TASK BRIEF = From the listing below, copy only the lines from the line that contains "The delicate book" to the line that contains "This representative image", counting those two lines as part of the copy.

** Opening DATA SUPPLIED block **

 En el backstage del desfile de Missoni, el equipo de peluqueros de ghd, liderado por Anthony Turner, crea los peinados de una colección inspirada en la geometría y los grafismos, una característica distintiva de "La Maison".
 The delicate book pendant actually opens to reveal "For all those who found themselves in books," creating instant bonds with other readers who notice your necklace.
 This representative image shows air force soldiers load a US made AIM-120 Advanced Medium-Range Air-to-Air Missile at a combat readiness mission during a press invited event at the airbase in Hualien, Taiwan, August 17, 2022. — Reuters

** Closing DATA SUPPLIED block **
** Opening DATA SUPPLIED block **

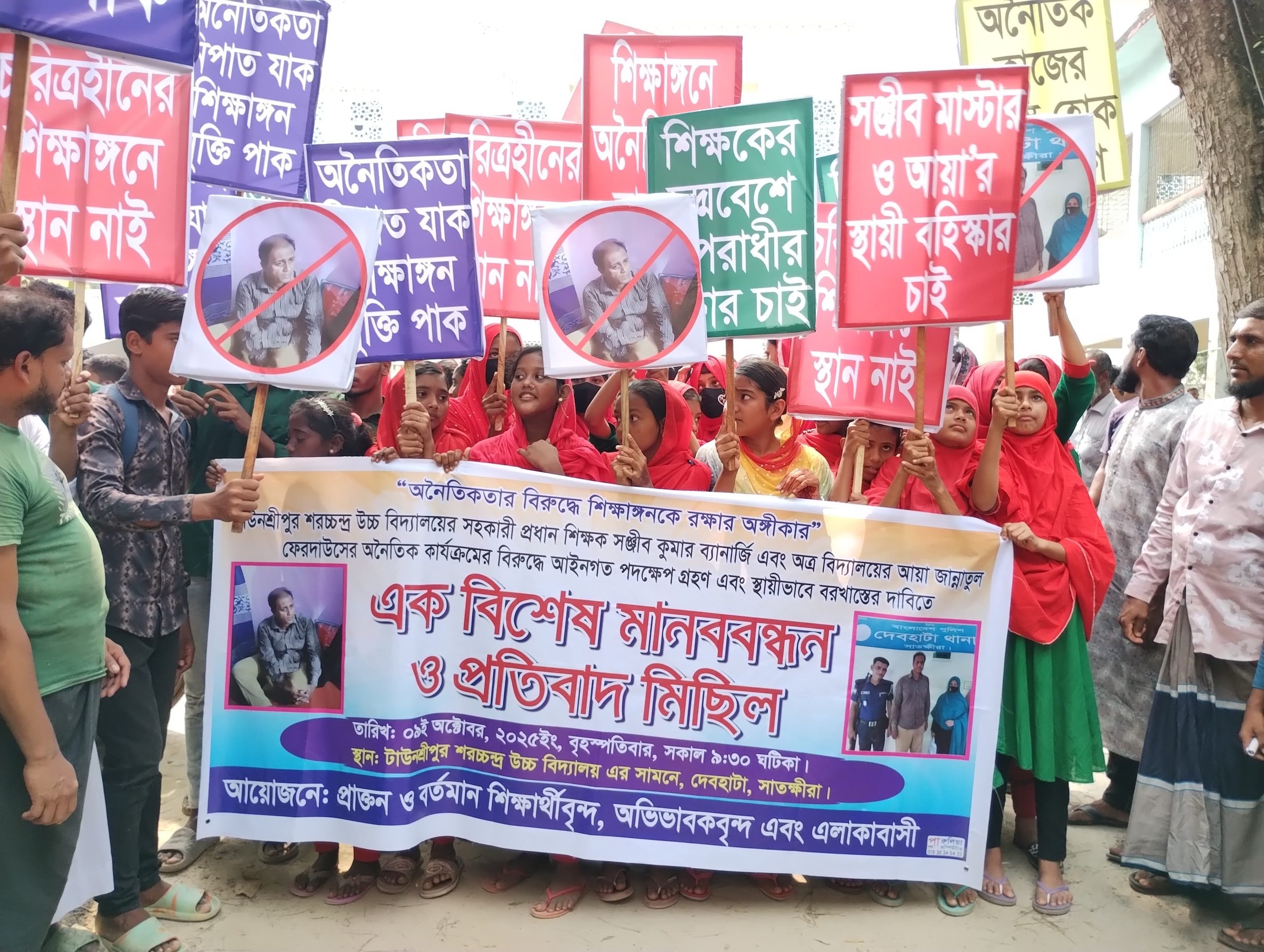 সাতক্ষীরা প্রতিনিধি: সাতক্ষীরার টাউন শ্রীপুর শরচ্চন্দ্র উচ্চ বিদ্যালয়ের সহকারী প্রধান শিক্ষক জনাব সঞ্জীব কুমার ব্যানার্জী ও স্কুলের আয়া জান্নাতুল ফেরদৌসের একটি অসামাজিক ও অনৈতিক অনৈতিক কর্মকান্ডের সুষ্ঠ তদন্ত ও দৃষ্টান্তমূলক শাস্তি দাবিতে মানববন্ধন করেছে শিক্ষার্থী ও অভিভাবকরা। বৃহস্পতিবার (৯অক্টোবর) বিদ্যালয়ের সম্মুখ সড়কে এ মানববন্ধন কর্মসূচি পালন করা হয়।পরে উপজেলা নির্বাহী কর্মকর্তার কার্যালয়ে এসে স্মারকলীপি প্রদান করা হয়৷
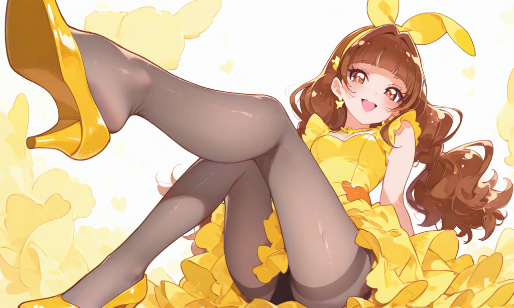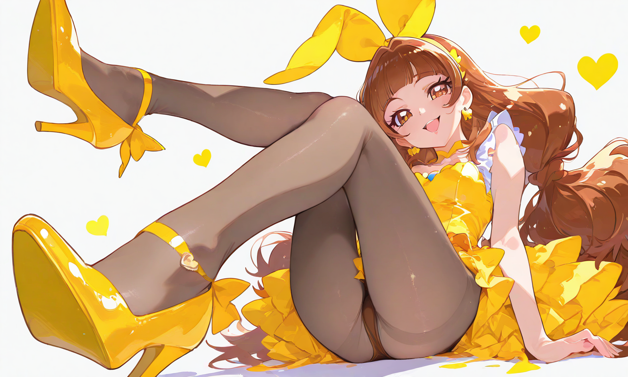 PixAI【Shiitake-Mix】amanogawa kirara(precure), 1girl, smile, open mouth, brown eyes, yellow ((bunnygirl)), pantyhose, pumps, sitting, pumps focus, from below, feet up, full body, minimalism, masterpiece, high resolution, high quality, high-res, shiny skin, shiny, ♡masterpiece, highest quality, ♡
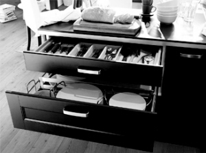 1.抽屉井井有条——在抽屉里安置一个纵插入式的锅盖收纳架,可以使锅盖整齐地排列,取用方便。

** Closing DATA SUPPLIED block **
** Opening DATA SUPPLIED block **

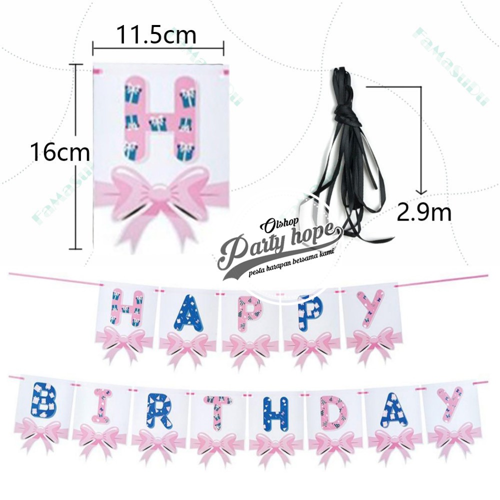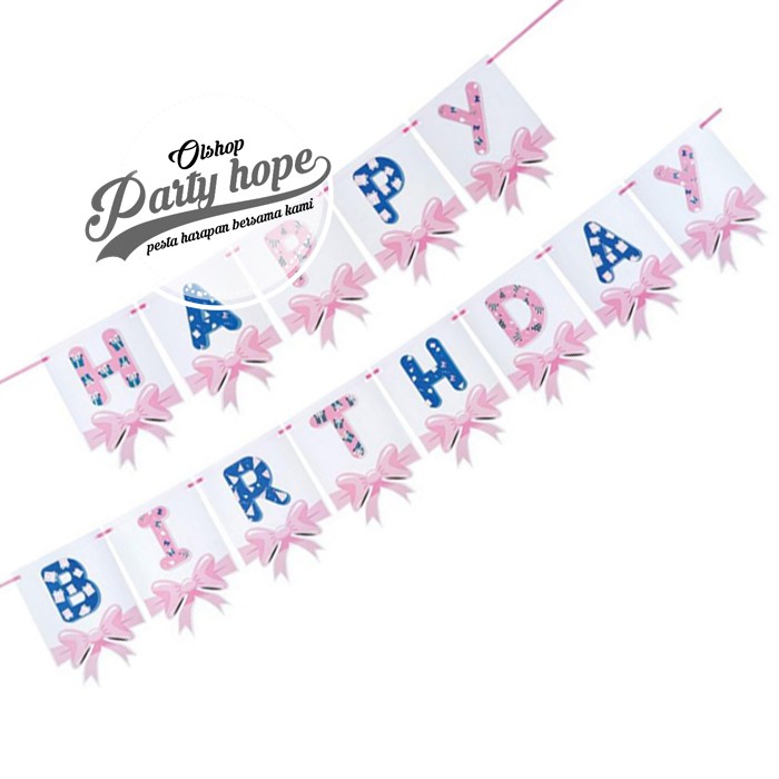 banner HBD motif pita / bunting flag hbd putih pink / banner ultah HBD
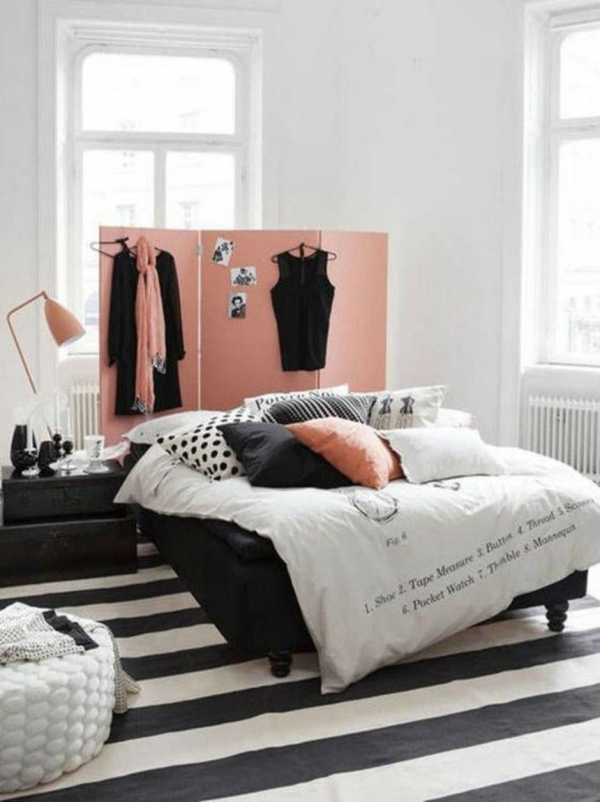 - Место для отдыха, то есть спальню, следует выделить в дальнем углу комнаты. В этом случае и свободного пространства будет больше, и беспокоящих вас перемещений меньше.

** Closing DATA SUPPLIED block **

THE ANSWER =
 The delicate book pendant actually opens to reveal "For all those who found themselves in books," creating instant bonds with other readers who notice your necklace.
 This representative image shows air force soldiers load a US made AIM-120 Advanced Medium-Range Air-to-Air Missile at a combat readiness mission during a press invited event at the airbase in Hualien, Taiwan, August 17, 2022. — Reuters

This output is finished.